┌─ Source data

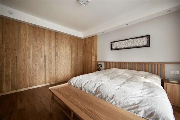 原木風(fēng)的臥室注重舒適感,床的靠背和床頭柜巧妙地融為一體,呈現(xiàn)出獨特的線條美感。白色床品搭配原木色家具,打造寧靜的睡眠環(huán)境,營造出現(xiàn)代舒適的居家氛圍。
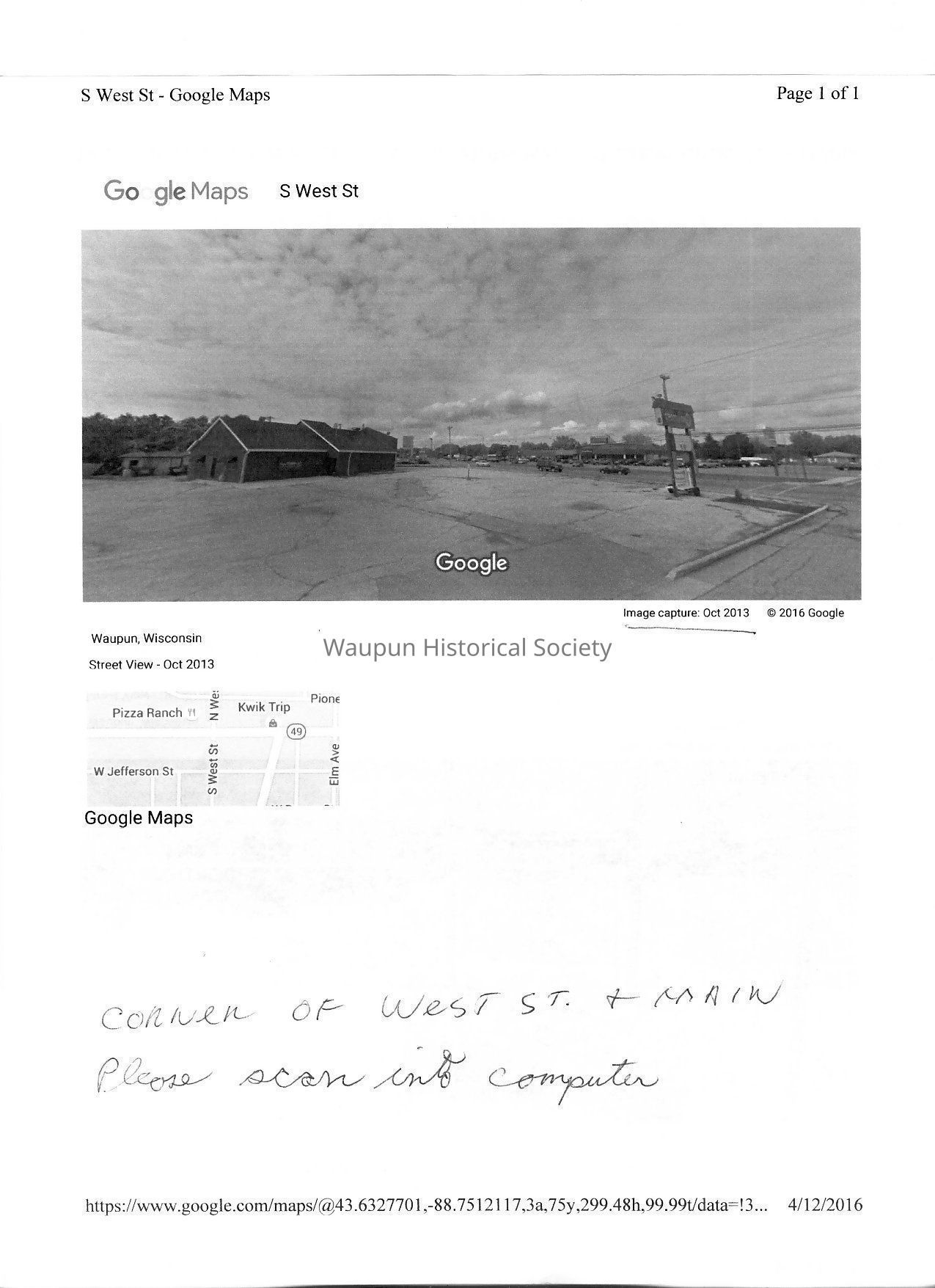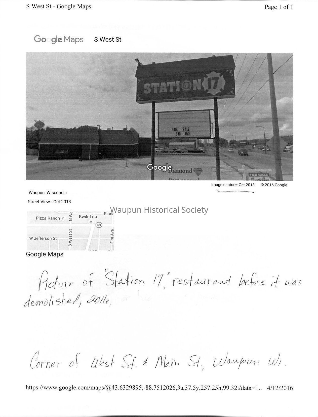 Google Map photo of "Station 17" restaurant located at corner of West St. and Main St., Waupun, WI before it was demolished April 2016.
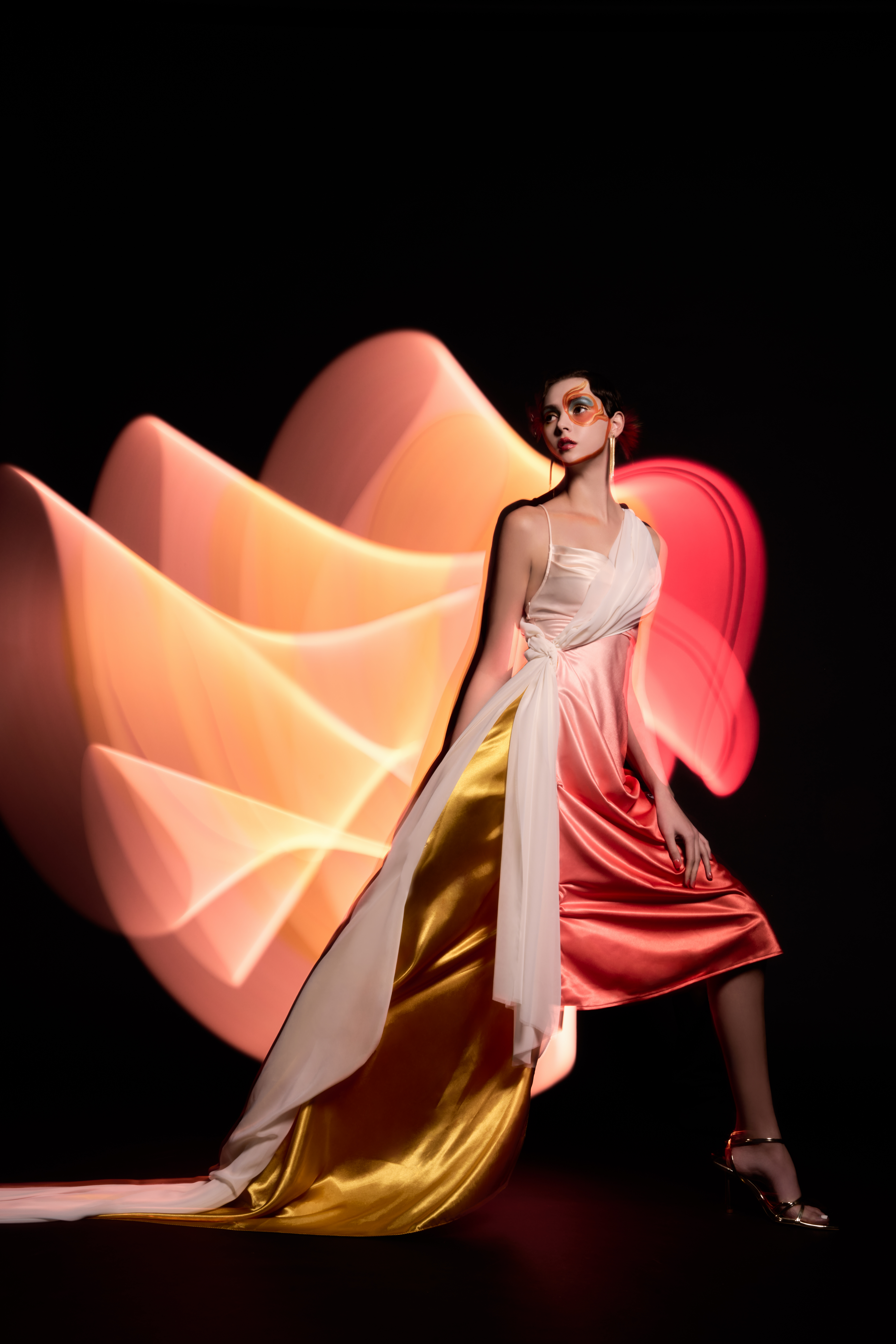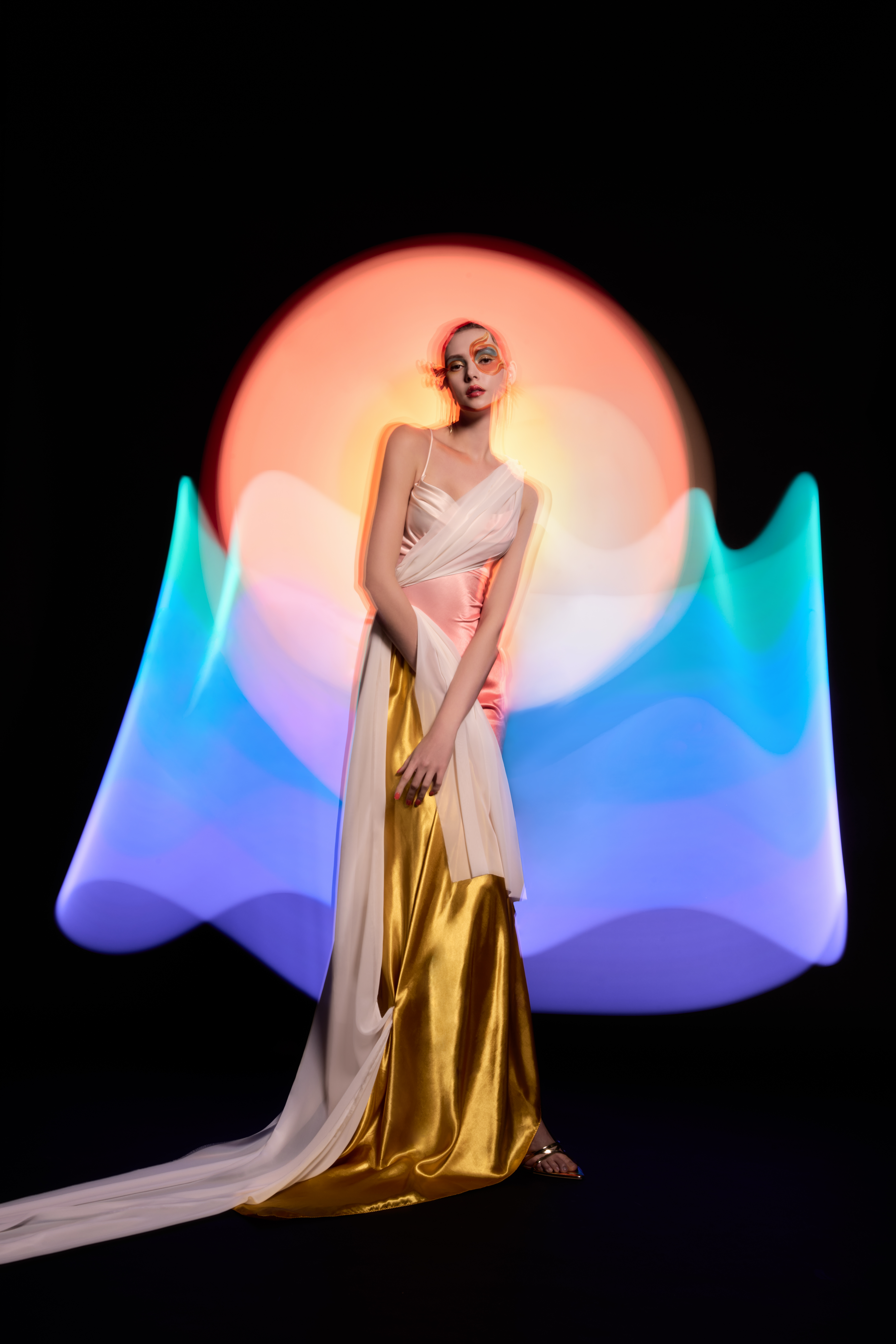라이트 페인팅 기법은 라이트의 바 라이트를 활용해, 순간광으로 선막을 터트리는 기법입니다. 모델의 포즈를 잡아내고 셔터 스피드를 6초 정도로 느리게 설정한 다음에 셔터가 닫히기 직전까지 바 라이트로 패턴을 만들어냅니다. 굉장히 재미있고 특별한 무드가 나오기 때문에 많은 분들이 이런 방법으로 촬영에 활용해 보시면 좋을 것 같습니다.

└─

### Exercise goal
Please produce an exact copy of all the material, leaving out the pictures.

### Result
 原木風(fēng)的臥室注重舒適感,床的靠背和床頭柜巧妙地融為一體,呈現(xiàn)出獨特的線條美感。白色床品搭配原木色家具,打造寧靜的睡眠環(huán)境,營造出現(xiàn)代舒適的居家氛圍。
 Google Map photo of "Station 17" restaurant located at corner of West St. and Main St., Waupun, WI before it was demolished April 2016.
라이트 페인팅 기법은 라이트의 바 라이트를 활용해, 순간광으로 선막을 터트리는 기법입니다. 모델의 포즈를 잡아내고 셔터 스피드를 6초 정도로 느리게 설정한 다음에 셔터가 닫히기 직전까지 바 라이트로 패턴을 만들어냅니다. 굉장히 재미있고 특별한 무드가 나오기 때문에 많은 분들이 이런 방법으로 촬영에 활용해 보시면 좋을 것 같습니다.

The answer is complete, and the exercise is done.